*EXERCISE:* Only the lines below from the one that contains "Having a lobster" through the one that contains "The SlapHappy yacht" should appear in your answer, exact and without pictures.

*THE RECORDS:*
----

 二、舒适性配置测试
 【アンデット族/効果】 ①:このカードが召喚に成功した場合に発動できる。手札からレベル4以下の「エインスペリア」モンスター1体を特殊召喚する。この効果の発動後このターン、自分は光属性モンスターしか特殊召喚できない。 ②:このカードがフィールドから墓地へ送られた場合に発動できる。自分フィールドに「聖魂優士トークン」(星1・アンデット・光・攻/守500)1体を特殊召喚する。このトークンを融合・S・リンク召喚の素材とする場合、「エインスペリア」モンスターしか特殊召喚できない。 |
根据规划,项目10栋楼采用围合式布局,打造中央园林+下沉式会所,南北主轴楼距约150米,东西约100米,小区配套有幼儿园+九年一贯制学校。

----

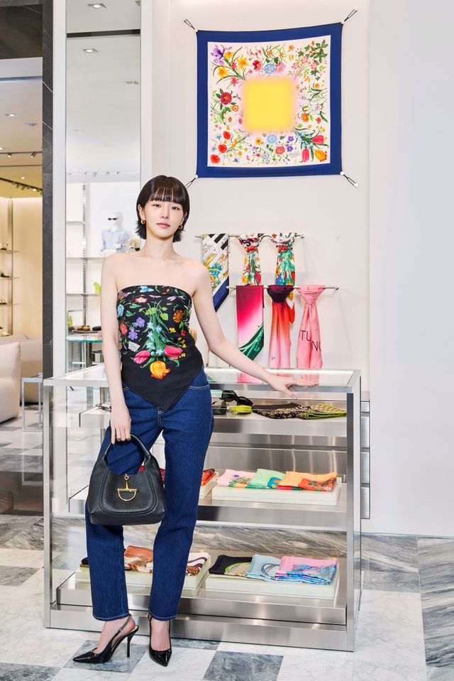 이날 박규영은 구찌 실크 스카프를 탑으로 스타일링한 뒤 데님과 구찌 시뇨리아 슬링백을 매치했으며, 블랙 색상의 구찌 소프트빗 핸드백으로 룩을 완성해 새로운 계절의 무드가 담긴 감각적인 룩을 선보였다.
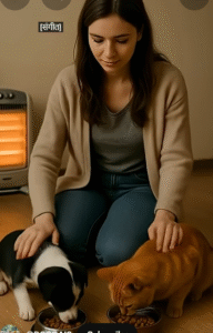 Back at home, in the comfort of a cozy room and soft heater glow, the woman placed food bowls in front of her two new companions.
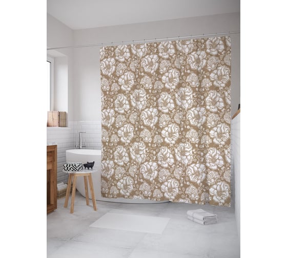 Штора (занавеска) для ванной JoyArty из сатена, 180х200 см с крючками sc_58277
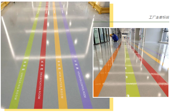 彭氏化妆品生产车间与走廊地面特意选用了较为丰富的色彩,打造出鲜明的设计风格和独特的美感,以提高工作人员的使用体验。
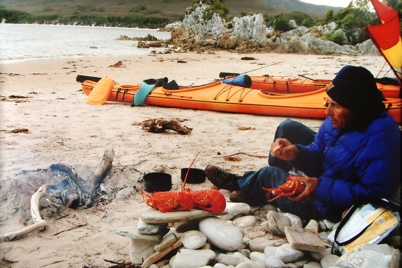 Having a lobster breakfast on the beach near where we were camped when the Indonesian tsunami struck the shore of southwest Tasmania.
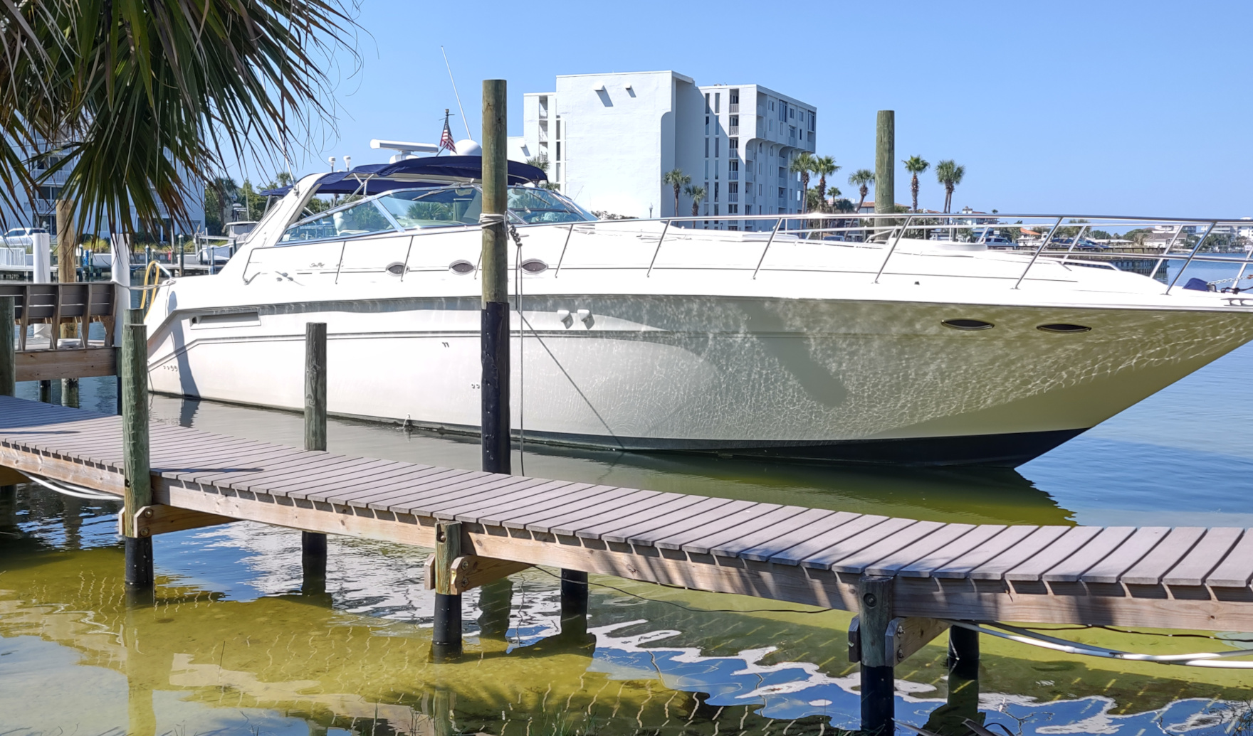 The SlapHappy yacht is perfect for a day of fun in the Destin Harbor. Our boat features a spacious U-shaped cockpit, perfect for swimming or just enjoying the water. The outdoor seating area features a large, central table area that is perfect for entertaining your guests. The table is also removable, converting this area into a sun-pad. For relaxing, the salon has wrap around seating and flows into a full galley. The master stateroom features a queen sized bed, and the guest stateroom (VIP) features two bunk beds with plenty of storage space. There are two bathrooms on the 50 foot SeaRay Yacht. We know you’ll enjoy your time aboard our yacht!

----

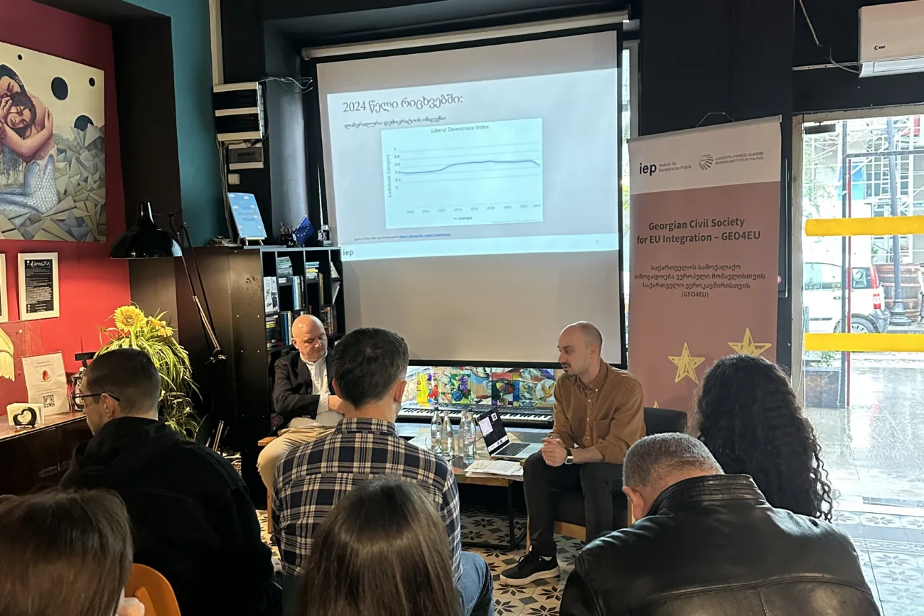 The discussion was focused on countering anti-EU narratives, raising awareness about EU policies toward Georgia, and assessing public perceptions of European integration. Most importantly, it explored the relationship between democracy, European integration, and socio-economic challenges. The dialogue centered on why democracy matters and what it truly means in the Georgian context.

----

*OUTPUT OF THE TASK:*
 Having a lobster breakfast on the beach near where we were camped when the Indonesian tsunami struck the shore of southwest Tasmania.
 The SlapHappy yacht is perfect for a day of fun in the Destin Harbor. Our boat features a spacious U-shaped cockpit, perfect for swimming or just enjoying the water. The outdoor seating area features a large, central table area that is perfect for entertaining your guests. The table is also removable, converting this area into a sun-pad. For relaxing, the salon has wrap around seating and flows into a full galley. The master stateroom features a queen sized bed, and the guest stateroom (VIP) features two bunk beds with plenty of storage space. There are two bathrooms on the 50 foot SeaRay Yacht. We know you’ll enjoy your time aboard our yacht!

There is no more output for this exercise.